Lenz’s law refers to induced currents and not to induced emf, which means that we can apply it directly to close conducting loops or coils.

If the loop is not closed we can imagine it as if it were closed, and then from the direction of the induced current, we can find the direction of the induced emf. Induced emf can be produced in many ways.

Consider a coil in which current is induced by the movement of a bar magnet. The coil acts as a bar magnet with one face as a ‘North pole’ and the other as a ‘South pole’.

In order to oppose the motion of the bar magnet, the face of the coil towards the magnet must be a north pole so that the two north poles must repel each other. According to the right-hand rule, the current flows anticlockwise.

What is Lenz’s law?

 Lenz’s law states that the “push” of the magnet is the “change” that produces the induced current and the current acts to oppose the push.

Similarly, if we pull the magnet away from the coil, the induced current will “oppose the “pull” by creating a south pole on the face of the coil towards the bar magnet.

Lenz’s law is applied only to closed loops. However, if the loop is not closed we imagine it to be so, and then from the direction of induced current, we can find the direction of induced emf

Lenz’s law & law of conservation of energy

When the rod is moved right, emf is induced in it, and induced current flows in the anti-clockwise direction.
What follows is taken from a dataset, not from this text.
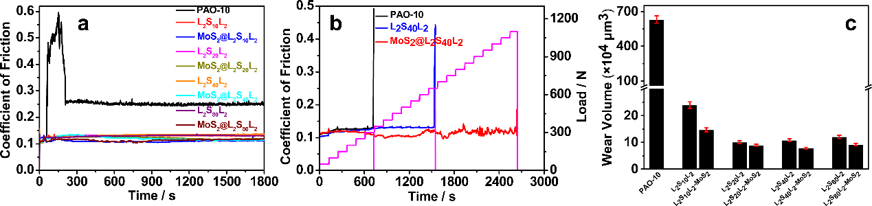图三、(a)PAO-10、LmS2nLm和MoS2@LmS2nLm(2n = 10, 20, 40, 80; m = 2)油凝胶的摩擦曲线。(b)PAO-10、L2S40L2和MoS2@L2S40L2的摩擦系数随着载荷增加的变化曲线。(c)由PAO-10、LmS2nLm和MoS2@LmS2nLm(2n = 10, 20, 40, 80; m = 2)油凝胶润滑过的钢块表面磨损体积。测试条件:载荷为400 N,振荡频率为25 Hz,振幅为1 mm。

The rod experiences a force F_m whose direction by right-hand rule is opposite to that of V.

Such that it tends to stop the rod. An external force equal to but opposite to F_m must be applied to keep the rod moving.

This external force is a source of energy for the induced current to flow. Thus electromagnetic induction is exactly in accordance with the law of conservation of energy.

Clockwise induced current

If the induced current is directed clockwise, then Fm would be in the direction of ‘V’, accelerating the rod towards the right.

This results in a stronger induced current producing a stronger magnetic field and hence the magnetic force increases further.

Thus the motion of the wire is more accelerated. We will obtain ever-increasing kinetic energy just from nothing.

Thus the process becomes self-perpetuating which is against the law of the conservation of energy.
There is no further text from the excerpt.